The reality of arbitrarily switching to 40cm, without evidential justification, will have the effect of taking more areas of Scotland out of active management. 

We believe this to be a critical mistake at a time when Scotland is experiencing longer, drier summers and more frequent and bigger wildfires. The statistics on wildfire increase are undeniable. See: https://www.scotsman.com/news/wildfire-warning-as-new-figures-reveal-number-of-blazes-doubled-last-summer-3740922 

Discouraging active management, in such circumstances, has the potential to endanger property, human life and Scotland’s climate targets.  Who will take responsibility when this loss become reality? It is now a regular occurrence for homes to be evacuated in the UK due to wildfires. This cannot be ignored.

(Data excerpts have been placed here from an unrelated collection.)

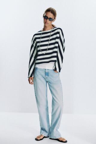 ZARA ТОП В ПОЛОСКУ С РУКАВАМИ «ЛЕТУЧАЯ МЫШЬ», ТЕМНО-СИНИЙ/БЕЛЫЙ
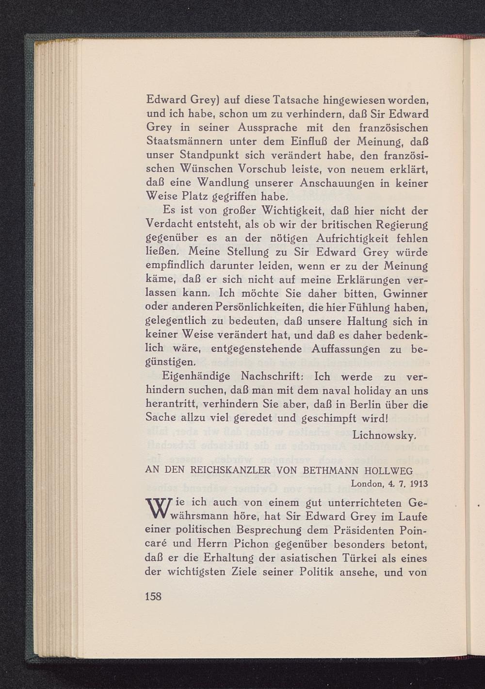 Edward Grey ) auf diese Tatsache hingewiesen worden,und ich habe, schon um zu verhindern, daß Sir EdwardGrey in seiner Aussprache mit den französischenStaatsmännern unter dem Einfluß der Meinung, daßunser Standpunkt sich verändert habe, den französi-schen Wünschen Vorschub leiste, von neuem erklärt,daß eine Wandlung unserer Anschauungen in keinerWeise Platz gegriffen habe.
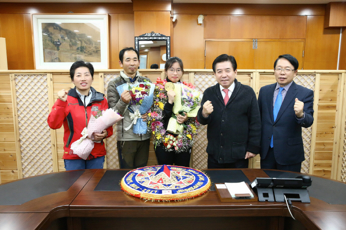 화순군민과 직원들도 뜨거운 축하의 박수로 환영했고, 군청 광장 은행나무 아래에서 기념촬영을 했다.
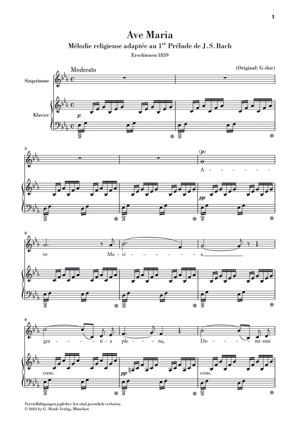In 1859, at the same time as the original edition for high voice, editions for middle and low voice, presumably commissioned by the publishers, were also issued. Following this model, the Henle Urtext edition of “Ave Maria” is also offered in two transpositions for the lower register.

The Committee should consider the 2023 report from the UK Climate Change Committee which acknowledges the growing wildfire threat in the coming decades and the mitigating benefit of the management of surface vegetation and fuels, among other mitigations.

Muirburn is an activity which takes place above the surface, not below. Applying a peat depth restriction (as this Bill does) therefore, is effectively applying a rule in law to something which is unrelated to the activity itself. Where there is statistically far greater potential for fire to burn below the surface and into peat below is where unmanaged fuel load on the surface is very high, the ground is dry and conditions such as winds are favourable. This is most likely to manifest as a summer wildfire taking place outside of the legal muirburn season. Nine tenths of Scottish wildfires are now caused by members of the public taking access in the countryside. Scottish Fire and Rescue Service data backs this and it will be important for the Committee to hear their evidence.

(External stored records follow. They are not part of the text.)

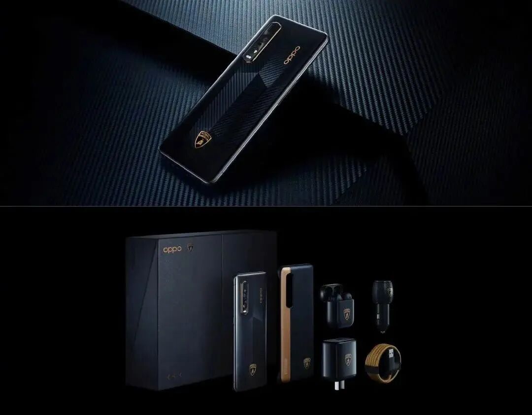 据了解,OPPO Find X2 Pro 兰博基尼版采用“热吸玻璃工艺”,碳纤维纹理,兰博基尼logo立体悬浮效果,同时以兰博基尼元素定制耳机、保护壳等配件,除了手机外,包装盒内还有 超纤黑金拼接保护壳,65W超级闪充充电器+数据线,车载超级闪充,无线蓝牙耳机。
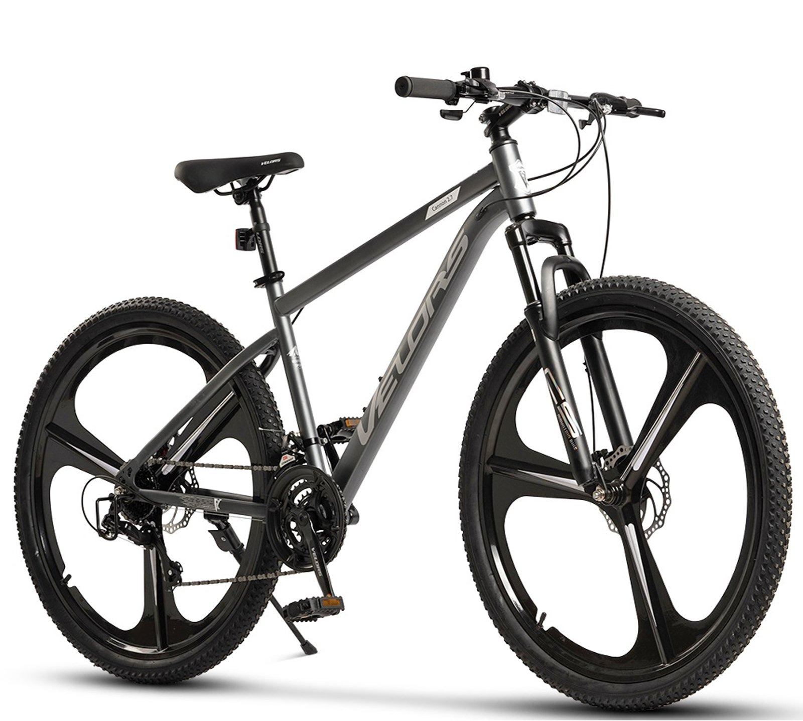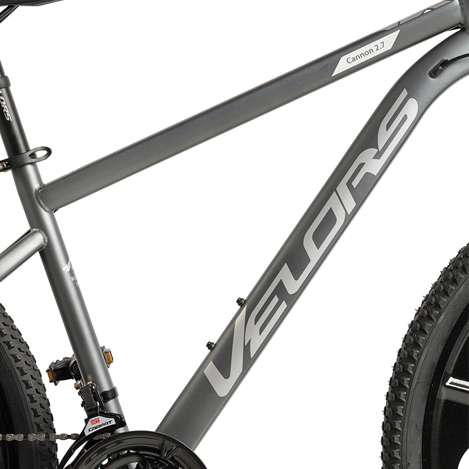 Bicicleta MTB-HT 27.5" VELORS Cannon 2.7, cadru otel 18", jante magneziu, frane disc, manete secventiale, 21 viteze, gri/alb
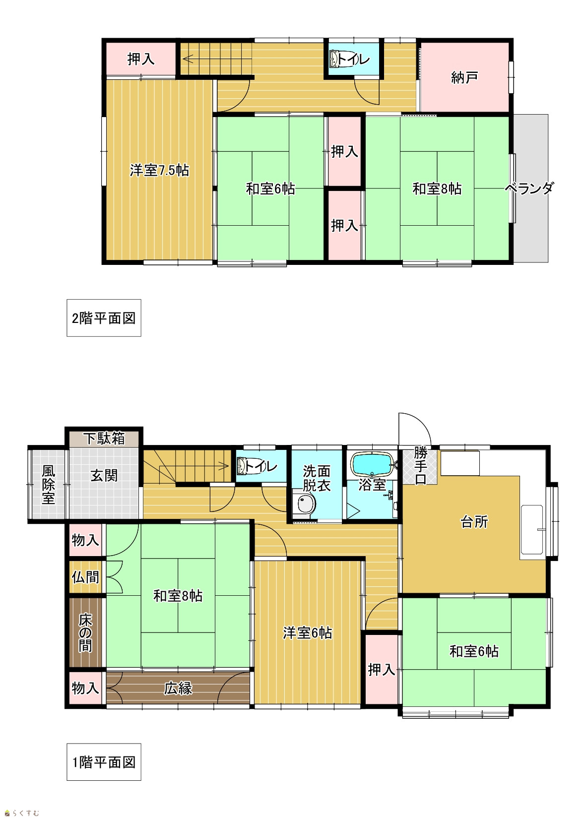 | 間取り | 6DK (和室:8畳、6畳、8畳、6畳) (洋室:6、7.5) DK8 納戸 |

There is no current science, or opinion, today which advocates allowing unmanaged surface fuels to build up, uncontrolled, in the landscape yet, by imposing more restrictions on muirburn on areas over 40cm peat depth (without evidential justification), this Bill effectively will do this.

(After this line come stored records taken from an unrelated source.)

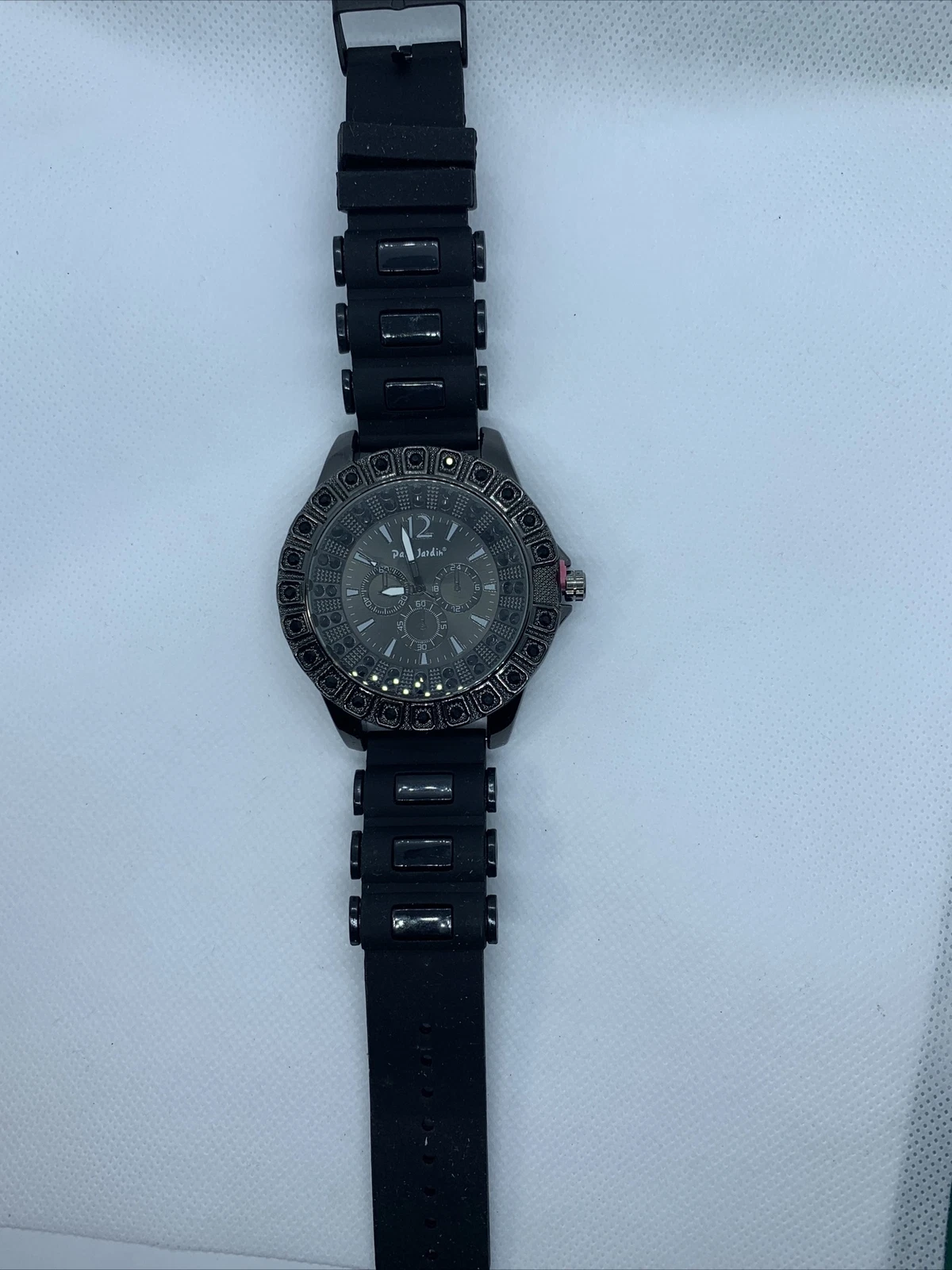Paul Jardin Mens Watch. New Battery Black Silicone Band. Stock #040
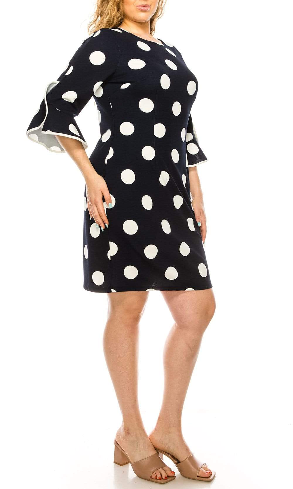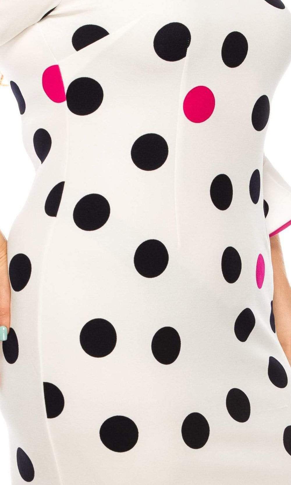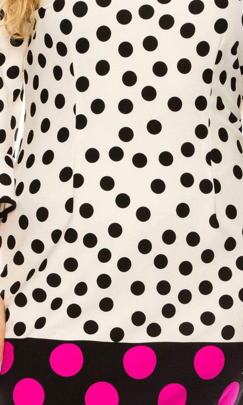 Holiday DressesLet your look be the topic of conversation in this casual yet chic ILE Clothing SCP1082 dress. This dress showcases a jewel neckline supported by quarter length ruffled bell sleeves in a polka dots printed bodice. The skirt reveals a sheath silhouette while the back shows a full back with back zipper closure. Put your best foot forward in a ILE Clothing creation.
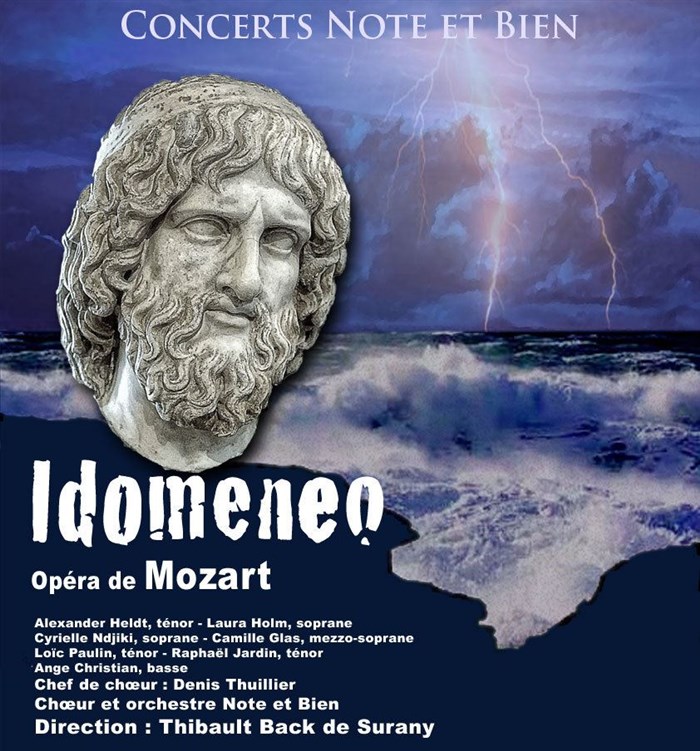Au programme, Idomeneo de W-A. MOZART sous la direction de Thibault Back de Surany, avec Alexander Heldt, ténor, Camille Glas, mezzo-soprane, Laura Holm, Cyrielle Ndjiki, sopranes, Raphaël Jardin, Loïc Paulin, ténors, Ange Christian, basse.
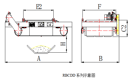 1.該系列除鐵器是在RBCDB系列除鐵器的基礎上,配上機架滾筒和帶刮板的卸鐵皮帶等組成的一種自動卸鐵的帶式除鐵器。即在保證磁場性能(主要參數安匝數IN)不變的情況下,增加線圈匝數N,降低電流密度I,從而大幅度降低了除鐵器線圈發熱量,將除鐵器的溫升控制在70℃之內,延長除鐵器的使用壽命,節能降耗。
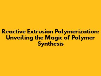 Reactive Extrusion Polymerization: A Comprehensive Guide

Similarly, Scotland will be endangering peatland restoration sites which form a critical element of the Net Zero plan and the £250m investment of public money pledged up to 2030.

Failure to carry out active surface fuel management on these sites, as they become increasingly drier, will encourage that investment to literally ‘go up in smoke’. With a very high surface fuel load, unrestricted public access and the right conditions, these sites- and potentially the carbon stored in them- will be lost and will not recover in a timescale to play any meaningful role in the 2045 NetZero aspiration.

Additionally, the most recent, and the UK’s longest running science, is showing that well managed muirburn actually plays an active role in retaining the carbon stored in peatlands for longer (see table below) yet this Bill seems to be heading in the opposite direction, potentially to great cost, and with scant justification.

While we acknowledge the reference to wildfire prevention in the Bill, as a licensable purpose, we feel the Bill should better reflect the nature of the activity to which the licence applies. 

Rather than pivoting the peatland licence around peat depth (50cm should remain in the absence of evidential justification), controlled muirburn should be permitted, in season, where vegetation height on the surface reaches the point where it represents a wildfire hazard. This should be made explicit within the licensable purpose as a reason for a licence to be granted on peatlands. This adopts a precautionary principle given that the increasing weight of science points to wildfire as being the biggest threat to peatlands and the carbon stored in them.

In order to obtain a licence for the activity, everyone should have to take the new training developed by NatureScot, SFRS, SGA and the regional moorland groups. This will ensure anyone undertaking controlled muirburn has been fully trained to do so safely and has the necessary equipment. 

Instead of changing peatland definition to 40cm, the scheme could make it illegal to burn peat and the appropriate penalty can be applied. This does not discourage active fuel management over large areas of Scotland but recognises the vital importance of keeping carbon locked in our peatlands.